__Data section__:
######

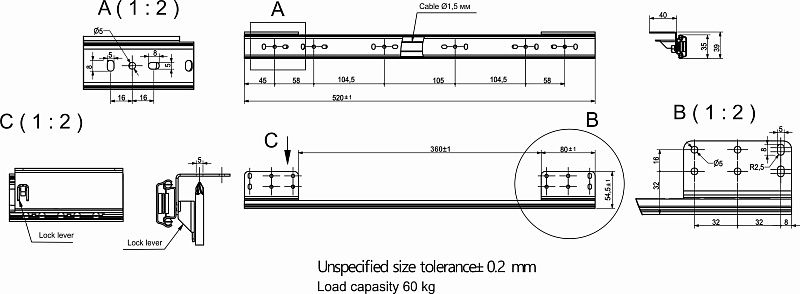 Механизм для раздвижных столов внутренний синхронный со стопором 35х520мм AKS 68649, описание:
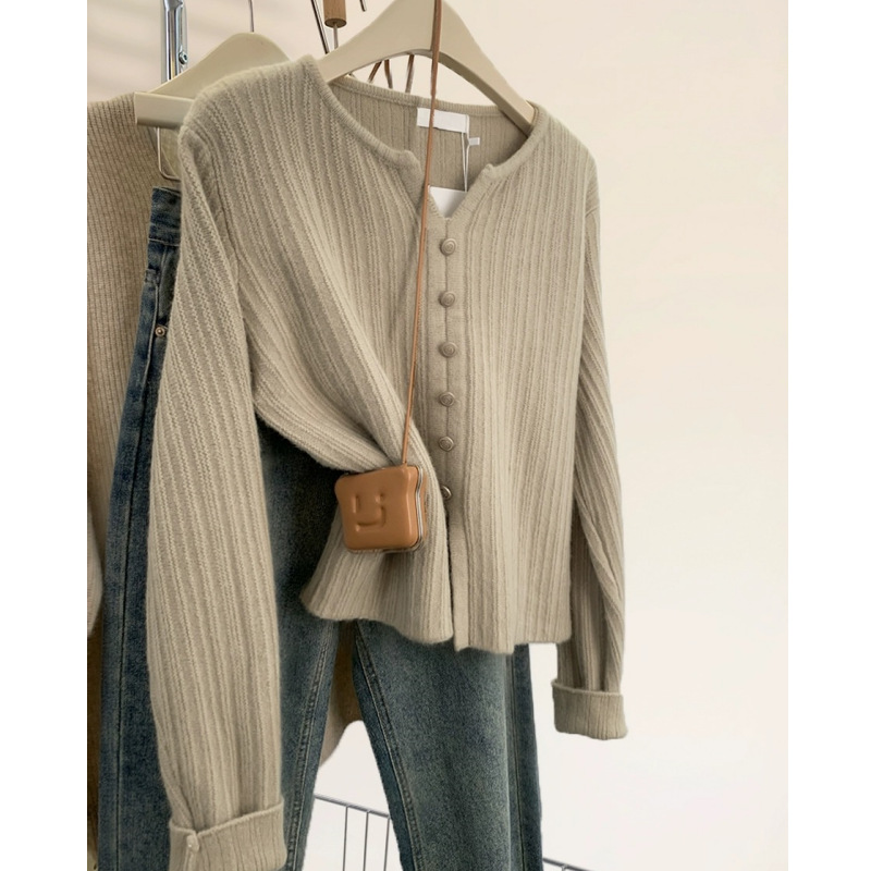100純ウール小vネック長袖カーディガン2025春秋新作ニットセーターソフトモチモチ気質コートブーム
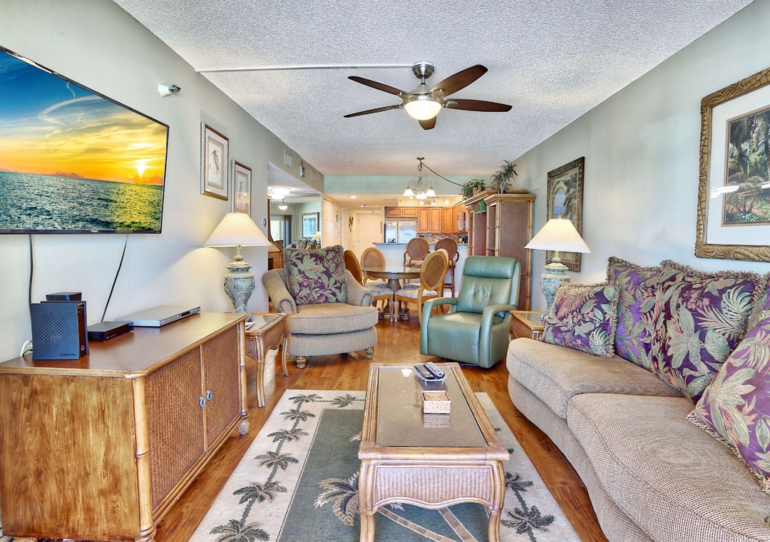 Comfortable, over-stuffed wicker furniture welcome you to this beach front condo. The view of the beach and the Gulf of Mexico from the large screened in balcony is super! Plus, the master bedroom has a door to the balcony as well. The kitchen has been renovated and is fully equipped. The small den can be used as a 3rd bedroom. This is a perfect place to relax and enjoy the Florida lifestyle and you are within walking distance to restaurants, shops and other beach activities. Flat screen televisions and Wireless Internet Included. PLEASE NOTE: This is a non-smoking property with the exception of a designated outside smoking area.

######

__Work item__:
Return the full material word for word. Do not include the pictures.

__Task solution__:
 Механизм для раздвижных столов внутренний синхронный со стопором 35х520мм AKS 68649, описание:
100純ウール小vネック長袖カーディガン2025春秋新作ニットセーターソフトモチモチ気質コートブーム
 Comfortable, over-stuffed wicker furniture welcome you to this beach front condo. The view of the beach and the Gulf of Mexico from the large screened in balcony is super! Plus, the master bedroom has a door to the balcony as well. The kitchen has been renovated and is fully equipped. The small den can be used as a 3rd bedroom. This is a perfect place to relax and enjoy the Florida lifestyle and you are within walking distance to restaurants, shops and other beach activities. Flat screen televisions and Wireless Internet Included. PLEASE NOTE: This is a non-smoking property with the exception of a designated outside smoking area.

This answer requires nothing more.